* _What you are asked to do_:
Pictures aside, return every line below exactly as written.

* _Given material_:
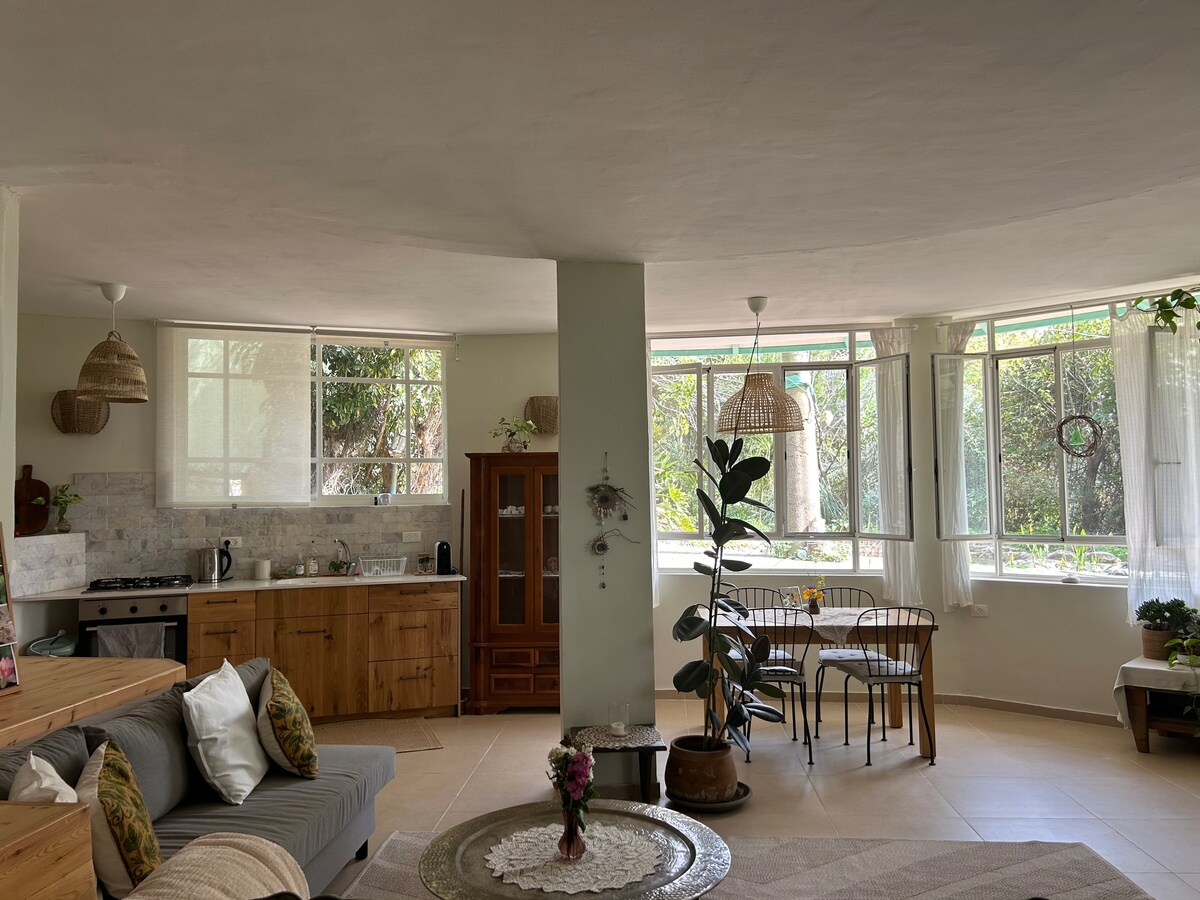 A beautiful and spacious loft with an amazing view of a natural grove. A sense of life within nature in complete privacy. Located in the Jezreel Valley in the Lower Galilee. The loft is well equipped and comfortable for a long stay. There are a number of charming seating areas in the garden and on the terrace. Close to beautiful hiking and bicycle trails. A great place for artists and writers.
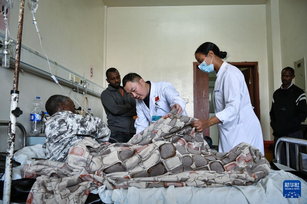 2月14日,在位于埃塞俄比亚首都亚的斯亚贝巴的蒂鲁内什-北京医院,中方泌尿外科医生李浩和当地医护人员在病房检查一名术后患者恢复情况。
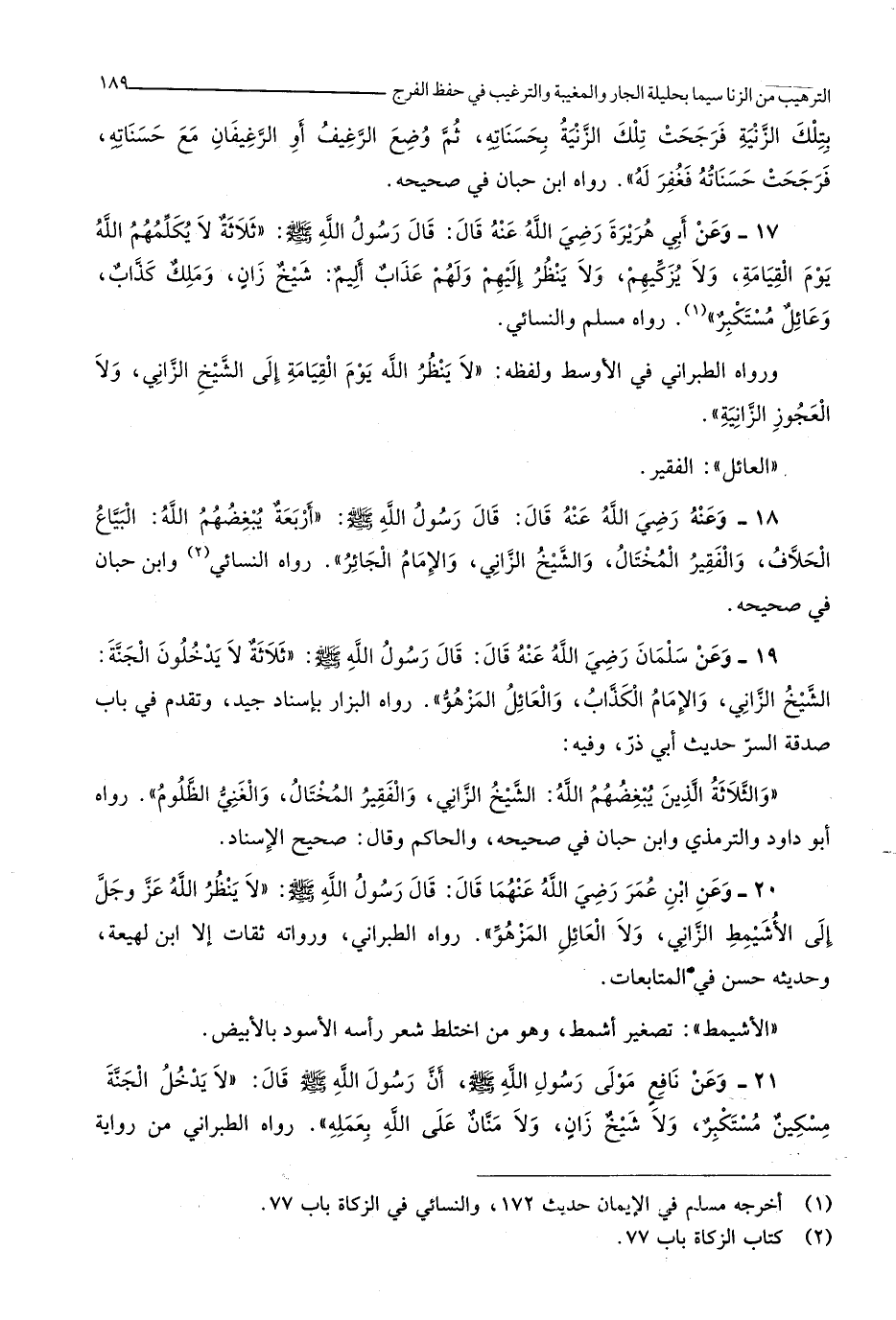 رَوَاهُ الْبَزَّار بِإِسْنَاد جيد وَتقدم فِي بَاب صَدَقَة السِّرّ حَدِيث أبي ذَر وَفِيه وَالثَّلَاثَة الَّذين يبغضهم الله الشَّيْخ الزَّانِي وَالْفَقِير المختال والغني الظلوم
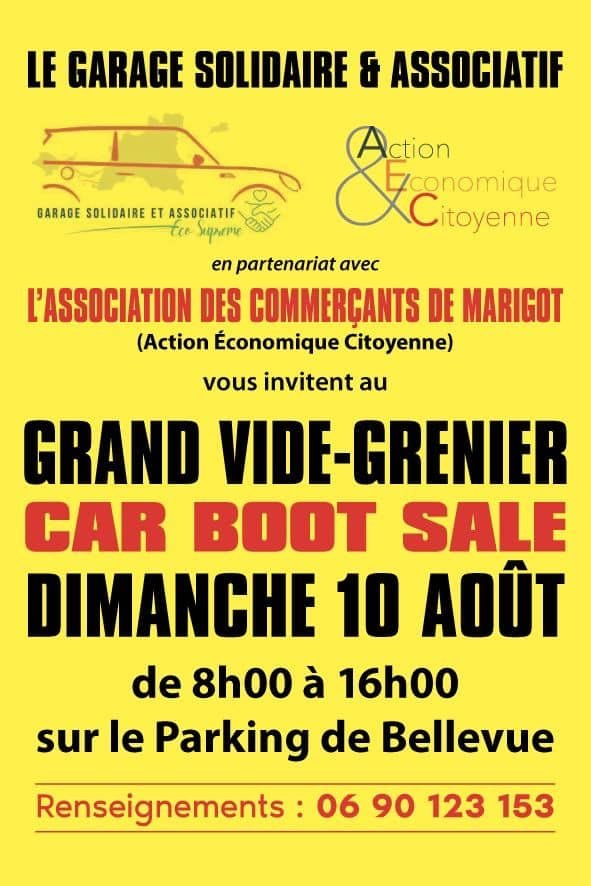 Le Garage Solidaire et Associatif et l’Association des Commerçants de Marigot organisent leur 1er vide‑grenier solidaire de l’été !

* _Solved exercise_:
 A beautiful and spacious loft with an amazing view of a natural grove. A sense of life within nature in complete privacy. Located in the Jezreel Valley in the Lower Galilee. The loft is well equipped and comfortable for a long stay. There are a number of charming seating areas in the garden and on the terrace. Close to beautiful hiking and bicycle trails. A great place for artists and writers.
 2月14日,在位于埃塞俄比亚首都亚的斯亚贝巴的蒂鲁内什-北京医院,中方泌尿外科医生李浩和当地医护人员在病房检查一名术后患者恢复情况。
 رَوَاهُ الْبَزَّار بِإِسْنَاد جيد وَتقدم فِي بَاب صَدَقَة السِّرّ حَدِيث أبي ذَر وَفِيه وَالثَّلَاثَة الَّذين يبغضهم الله الشَّيْخ الزَّانِي وَالْفَقِير المختال والغني الظلوم
 Le Garage Solidaire et Associatif et l’Association des Commerçants de Marigot organisent leur 1er vide‑grenier solidaire de l’été !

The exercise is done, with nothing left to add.